台所の流しから外を指さしながら、ミセス・リカルドは、庭でクーガー(アメリカ・ライオン)を見たときのことを興奮気味に話してくれた。

「リビングルームの窓からこっちをじーっとのぞき込んで、プイって感じで行っちゃったわ」

リカルドさんの庭には、他にもいろんな動物が来る。裏庭にはあちこちに鹿のフンが落ちているし、ついこの間は外のゴミ箱をクマがあさりにきたらしく、裏山の中腹までひきずり上げられていたというプラスチックのバケツは、するどいツメで穴だらけになっていた。

リカルドさんは私が以前アメリカに留学していた時にお世話になったホストファミリーだ。ご主人は元大学教授。数年前に退職し、今は奥さんと二人で悠々自適の毎日だ。

「アイダホの山奥に別荘があるから是非一度遊びにいらっしゃい」とずっと前からお誘いを受けていたのだが、この夏休みに夫と麻里恵と3人で西部に旅行した折に、10年越しの念願がようやくかなっておじゃますることができた。

「せっかく西部に来るのなら、イエローストーンにも足を伸ばすといい。

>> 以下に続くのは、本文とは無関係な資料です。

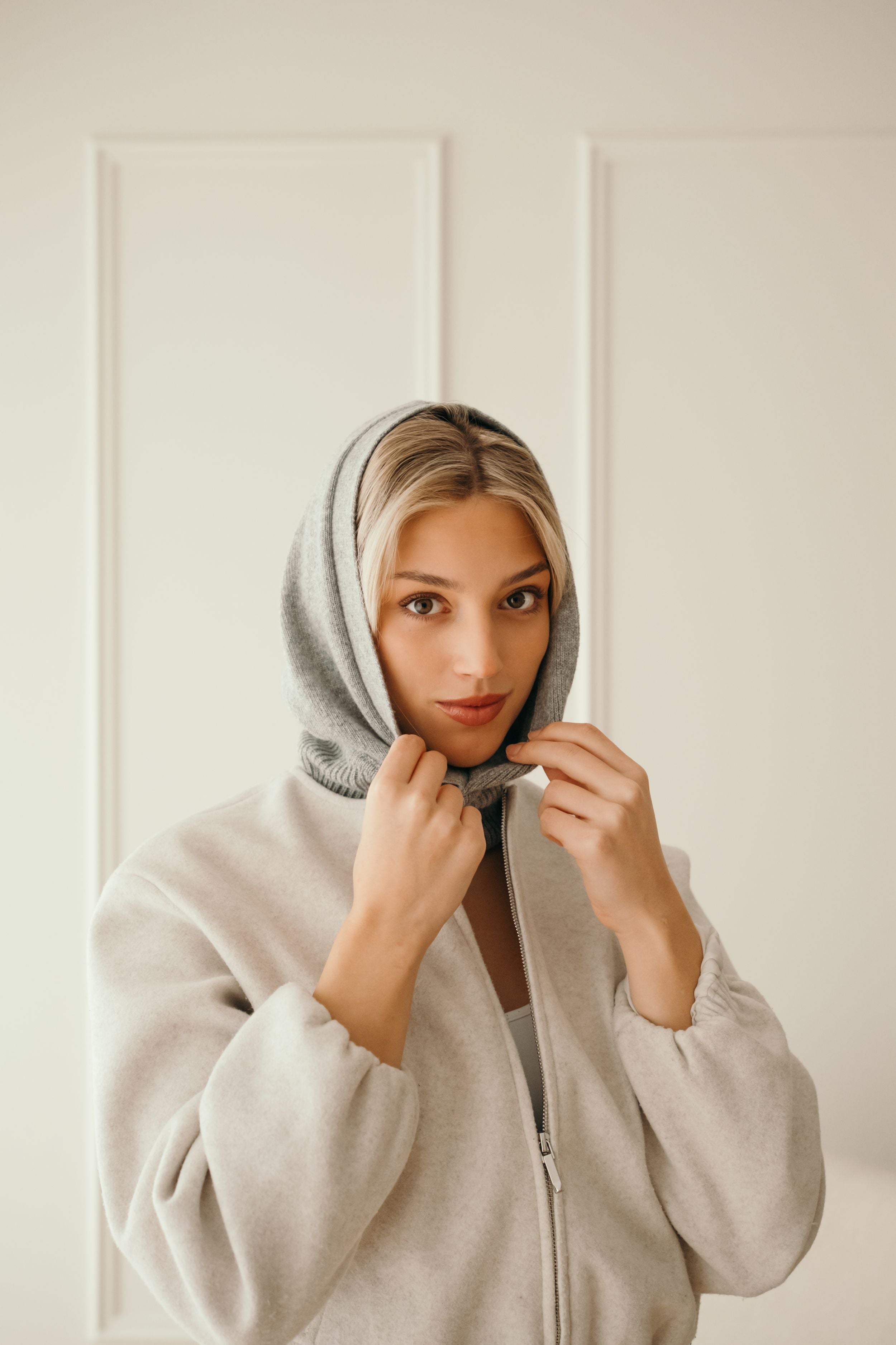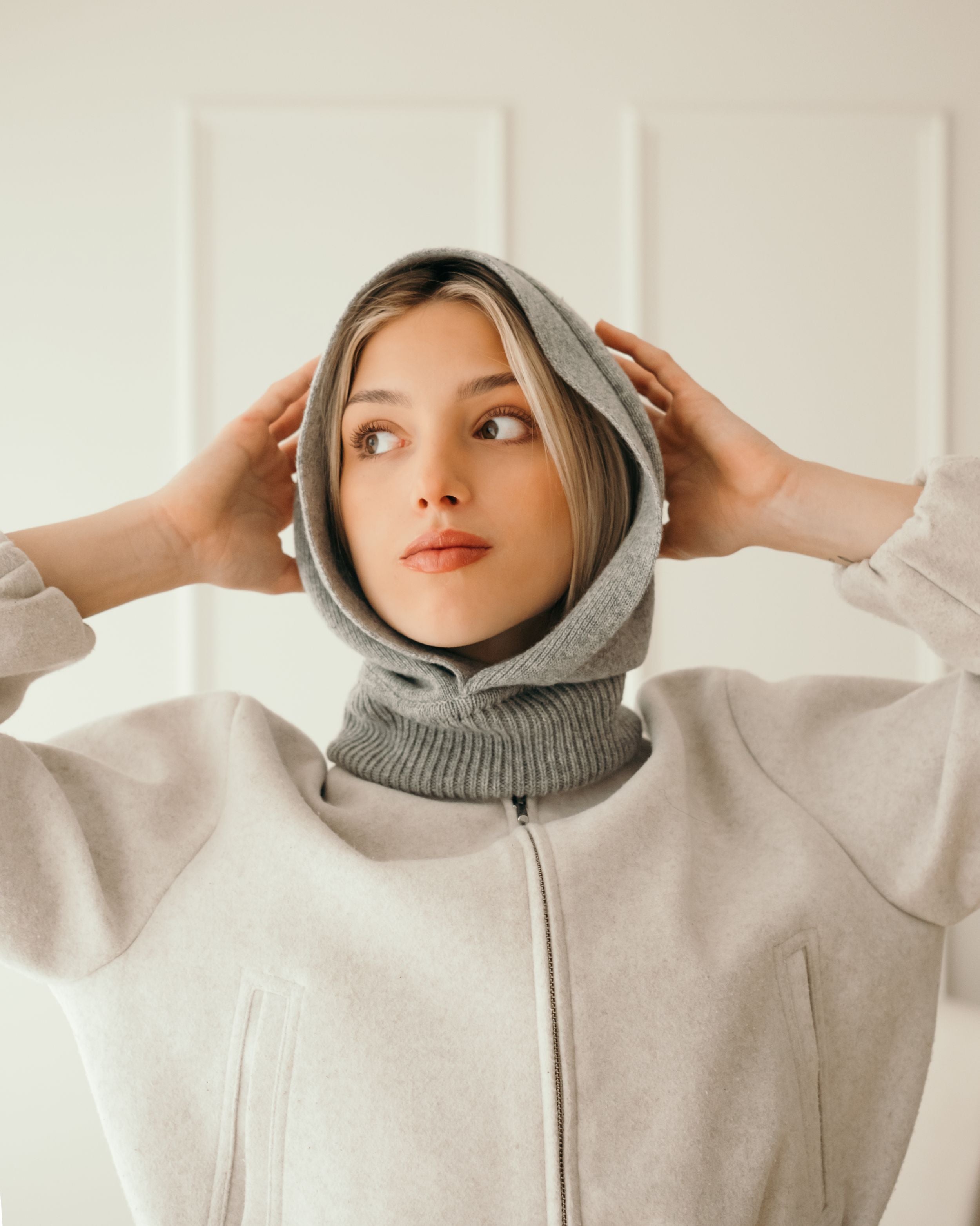 Zavijte se v toploto s to izjemno udobno balaklavo iz ekstra-fine volne in kašmirja, zasnovano za lahkotno vsakodnevno udobje in stil. Pletena iz vrhunske naravne volne, ponuja popolno mešanico izolacije, zračnosti in mehkobe na koži. Sodoben siv odtenek in rebrast izrez ustvarjata elegantno, minimalistično silhueto, ki jo lahko nosite čez jakne, puhovke, puloverje ali plašče.

イエローストーンまで来ればうちのキャビンまでたった1日のドライブだよ」

リカルドさんにそう言われて私たちはすっかりその気になったのだが、アメリカ人にとって、この「たった1日」の距離が約800キロもあるということを、私たちは旅に出かけたあとで知った。「ハイウエーからすぐ」というのも、実はハイウエーを降りてから4時間もかかる山道ドライブ。ようやく日が暮れかけたころにヘトヘトになってリカルドさんのキャビンにたどりついた。

うっそうとした針葉樹の森がリカルドさんの地所。隣の家は山一つ向こうという広さに、私たちは気が遠くなる。

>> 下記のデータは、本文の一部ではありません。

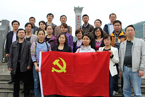 宣誓仪式由党总支书记程梦琳主持。党员代表向烈士敬献了花篮,党总支副书记李应续领誓,所有党员在纪念碑前列队,举起右手,庄严宣誓:我志愿加入中国共产党,拥护党的纲领,遵守党的章程,履行党员义务,执行党的决定,严守党的纪律,保守党的秘密,对党忠诚,积极工作,为共产主义奋斗终身,随时准备为党和人民牺牲一切,永不叛党。洪亮的声音响彻山谷,激情昂扬的誓言化为一座永不磨灭的丰碑,高高矗立在我们每一个人的心中。
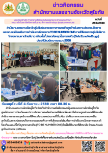 สำนักงานแรงงานจังหวัดสุโขทัยร่วมตรวจหาสารเสพติดลูกจ้างในสถานประกอบกิจการ และรณรงค์ส่งเสริมการดำเนินงานโครงการ TO BE NUMBER ONE ภายใต้โครงการสุโขทัยสีขาว โครงการมหาดไทยสีขาว สร้างพื้นที่ปลอดภัยหยุดยั้งยาเสพติด (Safe Zone No Drugs) ประจำปีงบประมาณ พ.ศ. 2568
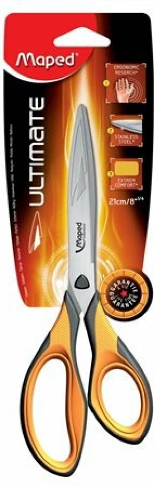 Ergonomické nůžky Maped Ultimate, velikost 21 cm. Patentovaná technologie přizpůsobení rukojeti, nýt ve tvaru trojhranu. Broušená nerezová ocel s reliéfním zdobením. Asymetrické rukojeti pro pohodlné a přesné stříhání.
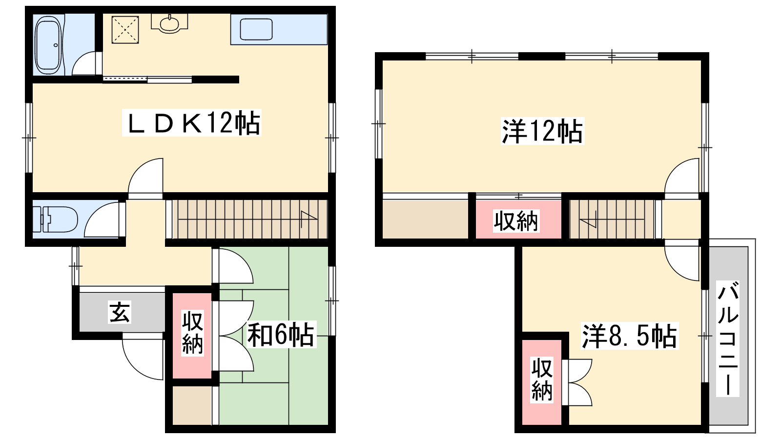 - LDK12帖、洋室12帖、洋室8.5帖、和室6帖
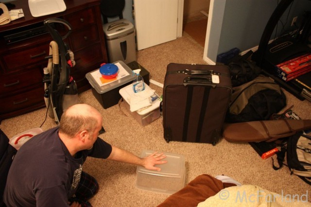 We had to come up with a way to get it... man that bugger was fast. Just as we have it cornered... it shoots right out in between us and into the middle of our room! Stewart had some fast ninja skills to get the box over the top of it... whew!
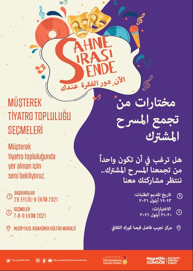 Büyükşehir Belediyesi’nin düzenlediği “Sahne Maraş Tiyatro Okulu” ve “Müşterek Tiyatro Topluluğu” yeni eğitim dönemine başlıyor. 29 Eylül - 8 Ekim tarihleri arasında NFK Kültür Merkezi’nde alınacak ön başvuruların ardından oyuncu adaylarıyla seçmeler düzenlenecek.
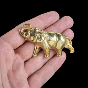 This large vintage elephant brooch is modelled in solid silver and gilded in a sunny 18ct yellow gold. He’s depicted in a proud stance, with trunk coiled above his head and features engraved detailing across the front.
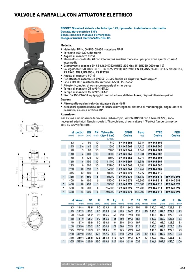 PROGEF Standard Valvola a farfalla tipo 145, tipo wafer, installazione intermedia

しかも、二階建ての大きな山荘を、リカルドさんは自分たちで建てたそうだ。プロの大工さんに一部手伝ってもらったものの、基本的には家族総出でひと夏かかって建てたという。建設中はキャンピングカーで寝泊りし、4人の娘とそのお婿さんも応援にかけつけての大プロジェクトだったそうだ。

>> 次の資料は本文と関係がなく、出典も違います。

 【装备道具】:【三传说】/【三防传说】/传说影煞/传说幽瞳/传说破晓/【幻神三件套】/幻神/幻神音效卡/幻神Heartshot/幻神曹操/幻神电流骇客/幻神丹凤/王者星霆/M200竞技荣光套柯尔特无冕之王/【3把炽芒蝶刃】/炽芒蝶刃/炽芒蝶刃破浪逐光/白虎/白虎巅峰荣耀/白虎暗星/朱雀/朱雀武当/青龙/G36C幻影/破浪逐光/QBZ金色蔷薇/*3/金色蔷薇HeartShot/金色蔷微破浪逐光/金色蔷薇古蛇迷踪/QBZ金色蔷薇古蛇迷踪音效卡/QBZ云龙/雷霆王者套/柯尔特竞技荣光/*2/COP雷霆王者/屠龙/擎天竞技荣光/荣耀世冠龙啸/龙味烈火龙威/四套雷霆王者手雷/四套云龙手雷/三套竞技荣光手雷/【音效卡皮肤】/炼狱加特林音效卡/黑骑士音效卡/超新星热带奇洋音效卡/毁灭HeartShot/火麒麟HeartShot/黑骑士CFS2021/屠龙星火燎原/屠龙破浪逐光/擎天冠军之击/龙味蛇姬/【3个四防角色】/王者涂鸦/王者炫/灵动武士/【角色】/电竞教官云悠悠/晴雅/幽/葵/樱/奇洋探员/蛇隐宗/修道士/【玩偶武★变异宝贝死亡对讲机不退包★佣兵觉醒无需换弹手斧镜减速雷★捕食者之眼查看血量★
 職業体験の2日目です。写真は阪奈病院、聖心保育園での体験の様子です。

「もっと小さなログハウスだったら1か月くらいで建つけれどね」さらりと言ってのけるリカルドさんの専門は数学とコンピュータサイエンス。大工仕事とはおよそ結びつかない。

家の建て方なんてどこで習ったのですか?と聞くと、物心つくころからお父さんの日曜大工を見て育ったからとのこと。さすがにアメリカ、日曜大工もダイナミックだ。実は写真のようなキャビンを建てる木材が、セットになって売っているので、シロウトでもその気と時間さえあれば簡単に(でもないと思うのだが)家を1軒建てられるのだそうだ。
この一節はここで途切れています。